-- Opening Marker --

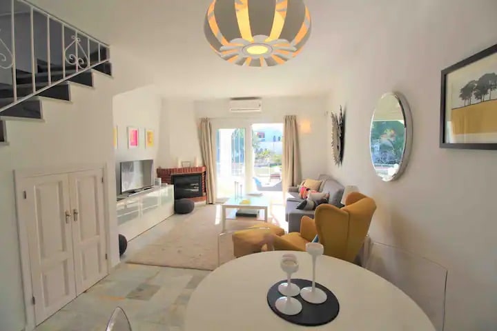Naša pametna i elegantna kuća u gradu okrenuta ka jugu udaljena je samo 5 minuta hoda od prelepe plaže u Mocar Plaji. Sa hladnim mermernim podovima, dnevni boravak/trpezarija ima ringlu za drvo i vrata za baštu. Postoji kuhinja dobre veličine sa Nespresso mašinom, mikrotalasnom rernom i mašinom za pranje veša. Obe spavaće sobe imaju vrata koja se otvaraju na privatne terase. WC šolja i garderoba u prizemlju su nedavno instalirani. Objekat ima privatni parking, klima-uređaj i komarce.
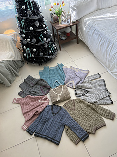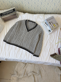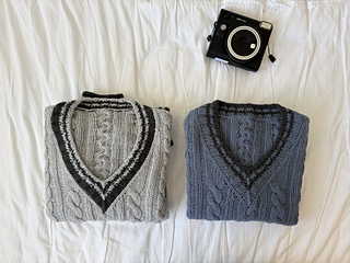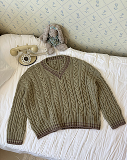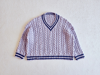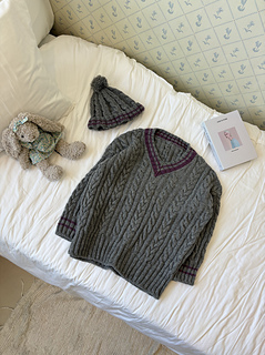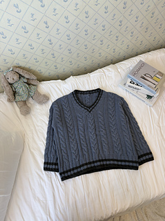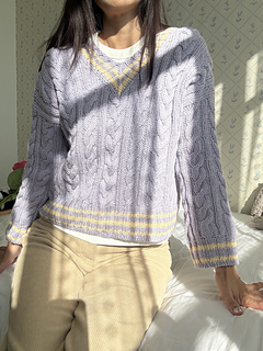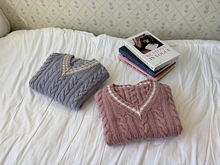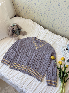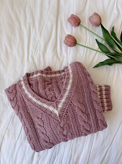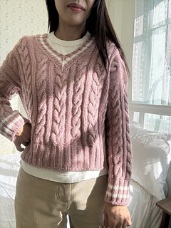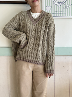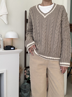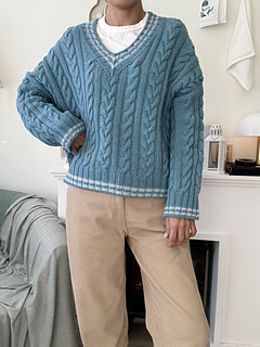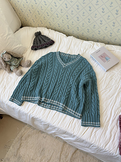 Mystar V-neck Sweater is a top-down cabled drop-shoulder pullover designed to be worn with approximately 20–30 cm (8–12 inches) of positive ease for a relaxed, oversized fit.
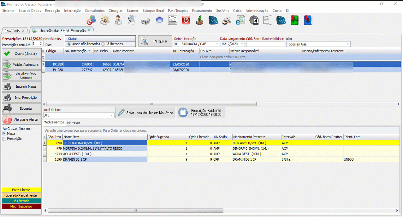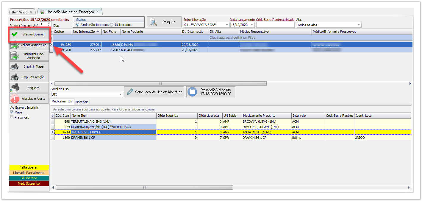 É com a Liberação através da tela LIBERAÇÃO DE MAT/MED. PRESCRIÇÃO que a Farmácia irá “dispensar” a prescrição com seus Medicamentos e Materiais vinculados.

-- Closing Marker --
-- Opening Marker --

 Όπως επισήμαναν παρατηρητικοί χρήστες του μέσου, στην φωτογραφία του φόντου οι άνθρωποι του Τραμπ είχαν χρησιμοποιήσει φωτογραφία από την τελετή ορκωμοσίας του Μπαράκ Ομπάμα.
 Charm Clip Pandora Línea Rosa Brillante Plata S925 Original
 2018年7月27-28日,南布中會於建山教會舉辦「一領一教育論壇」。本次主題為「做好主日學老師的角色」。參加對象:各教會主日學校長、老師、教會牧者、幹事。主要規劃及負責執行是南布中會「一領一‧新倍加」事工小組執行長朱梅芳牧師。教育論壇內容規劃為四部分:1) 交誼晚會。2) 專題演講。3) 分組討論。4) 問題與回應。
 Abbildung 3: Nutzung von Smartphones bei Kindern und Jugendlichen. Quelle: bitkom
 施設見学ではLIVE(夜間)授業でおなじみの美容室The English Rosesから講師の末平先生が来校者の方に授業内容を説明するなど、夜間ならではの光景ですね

-- Closing Marker --

» Exercise brief: Leaving out all pictures, set down exactly the lines of the material above, from the line with "Naša pametna i" to the line with "É com a Liberação" inclusive, and no others.

» Written solution:
Naša pametna i elegantna kuća u gradu okrenuta ka jugu udaljena je samo 5 minuta hoda od prelepe plaže u Mocar Plaji. Sa hladnim mermernim podovima, dnevni boravak/trpezarija ima ringlu za drvo i vrata za baštu. Postoji kuhinja dobre veličine sa Nespresso mašinom, mikrotalasnom rernom i mašinom za pranje veša. Obe spavaće sobe imaju vrata koja se otvaraju na privatne terase. WC šolja i garderoba u prizemlju su nedavno instalirani. Objekat ima privatni parking, klima-uređaj i komarce.
 Mystar V-neck Sweater is a top-down cabled drop-shoulder pullover designed to be worn with approximately 20–30 cm (8–12 inches) of positive ease for a relaxed, oversized fit.
 É com a Liberação através da tela LIBERAÇÃO DE MAT/MED. PRESCRIÇÃO que a Farmácia irá “dispensar” a prescrição com seus Medicamentos e Materiais vinculados.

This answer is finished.